_WHAT NEEDS TO BE DONE_:
Exact reproduction of the listing is required. Pictures are not reproduced.
··· DATA EXCERPT ···
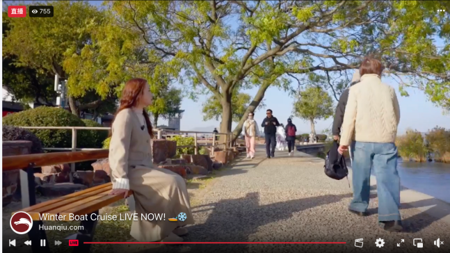 冬至将近的太湖呈现出“一年中最静、最清、最柔”的状态。直播通过高清实景捕捉湖面、光线、山影、薄雾的层次变化,生动呈现冬季太湖低饱和度的水墨质感。“水面更静、色彩更柔、山线更清晰”的冬日美学,被系统化拆解与解读,彰显太湖冬季独有的高级审美。互动方面,创新设置“点景挑战”,由观众实时“点单”候鸟、仙岛、湖心景致,主持人即时寻找并讲解,以用户驱动的镜头调度形式增强参与感,使直播真正成为“双向互动的实时云游”,提升观看体验的主动性。
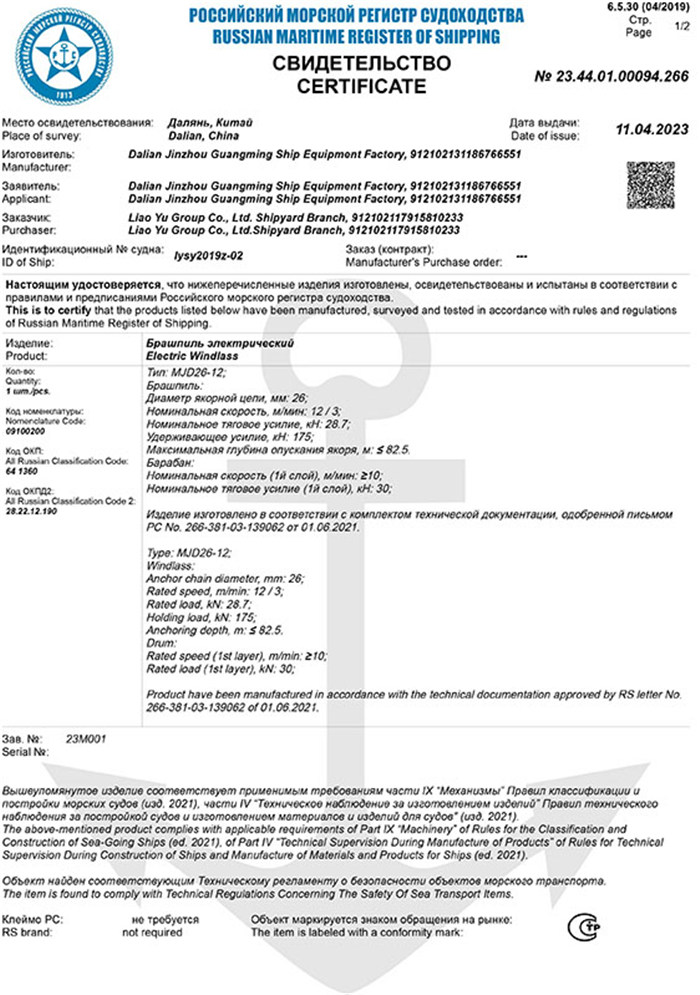 RS船用產(chǎn)品證書(吊機)
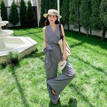 | nameOriginal | Simple Sleeveless Plaid jumpsuit Women's 2024 Summer New Design Sense Loose Slimming V-neck Wide-leg jumpsuit |
···
_WRITTEN SOLUTION_:
 冬至将近的太湖呈现出“一年中最静、最清、最柔”的状态。直播通过高清实景捕捉湖面、光线、山影、薄雾的层次变化,生动呈现冬季太湖低饱和度的水墨质感。“水面更静、色彩更柔、山线更清晰”的冬日美学,被系统化拆解与解读,彰显太湖冬季独有的高级审美。互动方面,创新设置“点景挑战”,由观众实时“点单”候鸟、仙岛、湖心景致,主持人即时寻找并讲解,以用户驱动的镜头调度形式增强参与感,使直播真正成为“双向互动的实时云游”,提升观看体验的主动性。
 RS船用產(chǎn)品證書(吊機)
 | nameOriginal | Simple Sleeveless Plaid jumpsuit Women's 2024 Summer New Design Sense Loose Slimming V-neck Wide-leg jumpsuit |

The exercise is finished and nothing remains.